Doing the tutorial is not necessary if you're only interested in the concepts, as I'll explain all the files. But if you want to follow along (and have Docker installed), first build the container image **swbuilder:v1** with:
```
cd dockerize-tutorial/swbuilder/
./build_docker_image.sh
docker image ls  # resulting image will be swbuilder:v1
```
Then invoke **build.sh** as:
```
cd dockerize-tutorial
./build.sh ~/repos/dockerize-tutorial/example_workdir
```
The code for [build.sh][4] is below. This script instantiates a container from the container image **swbuilder:v1**. It performs two volume mappings: one from the **example_workdir** folder to a volume inside the container at path **/workdir**, and the second from **dockerize-tutorial/swbuilder/scripts** outside the container to **/scripts** inside the container.
```
docker container run                              \
    --volume $(pwd)/swbuilder/scripts:/scripts    \
    --volume $1:/workdir                          \
    --user $(id -u ${USER}):$(id -g ${USER})      \
    --rm -it --name build_swbuilder swbuilder:v1  \
    build
```
In addition, the **build.sh** also invokes the container to run with your username (and group, which the tutorial assumes to be the same) so that you will not have issues with file permissions when accessing the generated build output.

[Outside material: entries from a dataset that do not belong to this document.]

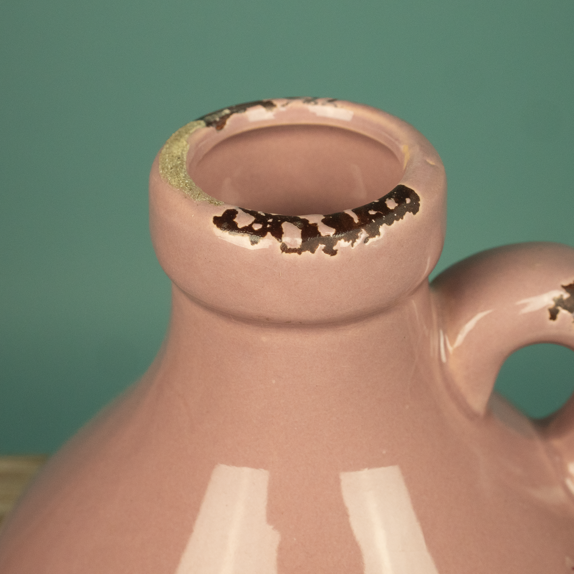Een echte blikvanger, deze lila tweede-kans kan van aardewerk. De kan heeft een hoogte van 20 cm en een smalle opening, dus geschikt voor een wat smaller boeket, zoals bijvoorbeeld Droogboeket Pluk, Droogboeket Terra of Droogboeket Liefde Small.
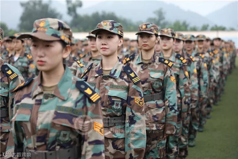 ⬆ 凌云风采:五专学院的实习教官们,他们展示了整理仪容仪表的规范性动作,动作迅速整齐而有力,体现标准的军人风范。
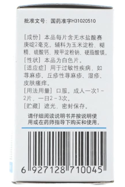【成份】本品每片含主要成份鹽酸賽庚啶2毫克,輔料為淀粉、糊精、硫酸鈣、硬脂酸鎂。
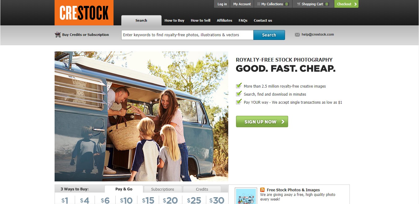 Tienes dos opciones si quieres adquirir material de Crestock: la suscripcion o los creditos. La primera te brinda 20 images diarias en cualquier resolucion con precios que arrancan en US$199 y con un maximum de 600 imagesnes. Tanto que si prefieres trabajar en el formato de creditos, cada uno equivale a US$1. Puedes comprar 10, 25, 50, 100, 250, 500 y 1000 creditos y descargarte hasta un maximum de 1000 imagesnes.
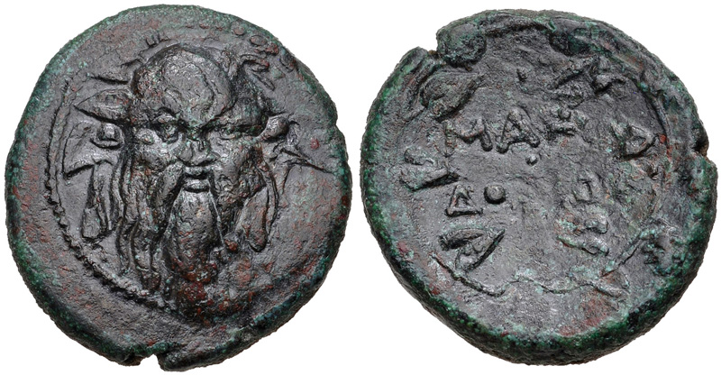 Curses, Clio! I'm sorry you lost that coin. It's an important acquisition if you need a lead singer for your heavy metal coin band. Here's mine MACEDON, under Roman rule D. Junius Silanus Manlianus, praetor 142-141 BCE AE, 20 x 22 mm, 9.5 gm Obv: Facing mask of Silenus, wearing ivy wreath Rev: MAKE ΔONΩN legend In two lines; D above; all within ivy wreath Ref: SNG Copenhagen 1324

Note that [**shell.sh**][5] is identical except for two things: **build.sh** creates a container named **build_swbuilder** while **shell.sh** creates one named **shell_swbuilder**. This is so that there are no conflicts if either script is invoked while the other one is running.

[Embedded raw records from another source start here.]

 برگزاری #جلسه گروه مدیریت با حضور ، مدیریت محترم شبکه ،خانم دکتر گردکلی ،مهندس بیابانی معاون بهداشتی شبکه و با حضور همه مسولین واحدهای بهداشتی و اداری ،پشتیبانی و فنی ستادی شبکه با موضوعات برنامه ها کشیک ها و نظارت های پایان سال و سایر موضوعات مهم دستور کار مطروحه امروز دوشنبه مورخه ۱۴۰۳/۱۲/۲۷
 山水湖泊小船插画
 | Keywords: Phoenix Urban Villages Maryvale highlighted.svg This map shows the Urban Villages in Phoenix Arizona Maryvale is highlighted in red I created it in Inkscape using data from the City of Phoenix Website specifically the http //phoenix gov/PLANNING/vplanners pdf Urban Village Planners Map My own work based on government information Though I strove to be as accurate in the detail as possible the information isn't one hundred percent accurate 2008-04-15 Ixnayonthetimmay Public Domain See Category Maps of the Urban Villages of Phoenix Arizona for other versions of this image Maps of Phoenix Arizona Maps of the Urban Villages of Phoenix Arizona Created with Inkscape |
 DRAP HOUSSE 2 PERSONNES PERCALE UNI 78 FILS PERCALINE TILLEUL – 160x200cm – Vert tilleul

The other key difference between the two scripts is the last argument: **build.sh** passes in the argument **build** while **shell.sh** passes in the argument **shell**. If you look at the [Dockerfile][6] that is used to create the container image, the last line contains the following **ENTRYPOINT**. This means that the **docker container run** invocation above will result in executing the **run_build.sh** script with either **build** or **shell** as the sole input argument.
```
# run bash script and process the input command
ENTRYPOINT [ "/bin/bash", "/scripts/run_build.sh"]
```
[**run_build.sh**][7] uses this input argument to either start the Bash shell or invoke **gcc** to perform the build of the trivial **helloworld.c** project. A real build system would typically invoke a Makefile and not run **gcc** directly.
```
cd /workdir
if [ $1 = "shell" ]; then    
    echo "Starting Bash Shell"
    /bin/bash
elif [ $1 = "build" ]; then
    echo "Performing SW Build"
    gcc helloworld.c -o helloworld -Wall
fi
```
You could certainly pass more than one argument if your use case demands it. For the build systems I've dealt with, the build is usually for a given project with a specific **make** invocation. In the case of a build system where the build invocation is complex, you can have **run_build.sh** call a specific script inside **workdir** that the end user has to write.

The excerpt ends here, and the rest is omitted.